Il fait bon recevoir ce signe évident du dynamisme de la création littéraire pour la jeunesse en France, et d’entendre Marion Brunet, au rebours de ce qu’assurent les enquêtes, dire combien les jeunes lecteurs qu’elle rencontre dans les établissements scolaires (ou ailleurs) aiment lire. Si ces derniers plébiscitent ses livres, c’est sans doute aussi que la romancière sait à merveille les enlever dans le monde des mots.
Marion Brunet, après Jean-Claude Mourlevat en 2021, obtient cette année la récompense suprême dans ce domaine de la littérature jeunesse, le prix Astrid-Lindgren, dont on dit qu’il en est « le Nobel ».
Rappelons qu’Astrid Lindgren fut la créatrice en 1945 de Fifi Brindacier, le personnage d’une petite fille libre et indépendante, qui remettait en question les relations entre filles et garçons, parents et enfants. Son prix, créé par le gouvernement suédois, existe depuis 2002. L’institution suédoise a couronné l’écrivaine marseillaise à Stockholm le 9 juin dernier. Focus sur l’œuvre de la lauréate.
« Moderne et intemporelle »
« … à la fois moderne dans le choix des thèmes qu’elle explore et intemporelle dans les liens qu’elle tisse avec les contes et les mythes », telle est l’une des caractéristiques marquantes de l’œuvre pour la jeunesse de Marion Brunet, d’après les termes choisis du communiqué du jury. Modernité des thèmes en effet : par exemple l’homophobie rencontrée par deux enfants nés par procréation médicale assistée et élevés par un couple de mères (Frangine en 2013), la violence des mondes post-coloniaux (La Gueule du loup, 2014), la révolte et la solidarité des jeunes confrontés aux violences policières (Dans le Désordre, 2016), la valorisation d’héroïnes féminines aventureuses (par exemple dans Sans foi ni loi, 2019) …

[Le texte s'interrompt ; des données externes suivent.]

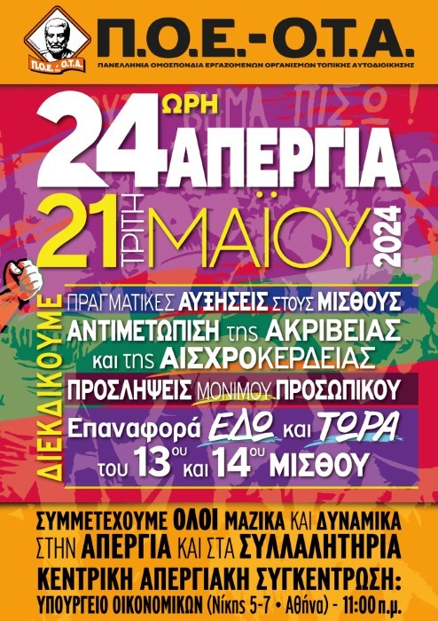 Στην 24ωρη απεργία της ΠΟΕ ΟΤΑ συμμετέχουν σήμερα, Τρίτη 21 Μαϊου, οι εργαζόμενοι στην Υπηρεσία Καθαριότητας του Δήμου Κω, με συνέπεια την μη αποκομιδή των απορριμμάτων.

Les délices de la dystopie
Ces thèmes si actuels ne doivent pas laisser penser que Marion Brunet ait pour autant des leçons à donner (« si j’avais des messages à délivrer, dit-elle avec humour (entretien à écouter sur France Culture), j’écrirais des pancartes ») : ses intrigues et situations se tissent de complexité et de nuances, flirtant avec la puissance du mythe.
Tel est le cas dans son dernier ouvrage, une trilogie intitulée Ilos (deux tomes parus). La ville de Marseille s’y trouve, en 2052, rattrapée par la crise écologique et les catastrophes naturelles, engloutie par les eaux. De jeunes plongeurs et plongeuses y gagnent leur vie en allant chercher, en apnée, les biens précieux qui peuvent encore s’y trouver. A la surface ils sont confrontés à une mafia sans états d’âme. « J’ai voulu juste pousser un peu loin la situation qui se dessine actuellement, explique-t-elle dans le même entretien : disparition des services publics et notamment de l’enseignement et de l’hôpital, avec des conséquences graves comme la résurgence de l’analphabétisme… ».
De nouvelles possibilités d’identifications romanesques
Les romans de Marion Brunet sont aussi des romans d’amour. Dans Ilos, elle revient notamment, d’une manière très originale, sur le thème de l’homosexualité féminine, en narrant la relation de deux jeunes filles dans un contexte que la dystopie lui permet d’explorer : la normalité. En ce temps futur somme toute assez proche, le genre des partenaires amoureux ne fait plus question, et encore moins scandale. La romancière, qui confie s’être nourrie aux Lettres dès l’enfance en dévorant Les Aventures de Tom Sawyer, Moby Dick, L’Île au trésor… et avoir pris lentement conscience qu’elle manquait de figures héroïques féminines auxquelles s’identifier, montre ici une grande sensibilité et une grande acuité quant aux émotions et aux intuitions collectives qui constituent le tissu spirituel et imaginaire de notre époque.
Marion Brunet en quelques dates…
Née en 1976 à Carpentras (Vaucluse), Marion Brunet vit à Marseille. Elle étudie les Lettres à l’université, puis se tourne vers l’éducation spécialisée, activité qu’elle exerce plusieurs années en foyer d’accueil pour enfants et en hôpital de jour pour adolescents.
Elle mène depuis 2013 une carrière d’autrice de littérature pour la jeunesse, et de polar pour adultes. En 2018 elle remporte le grand prix de littérature policière pour L’Eté circulaire, un roman noir et social. En 2019 la Pépite d’or du salon du livre et de la presse jeunesse de Montreuil avec Sans foi ni loi.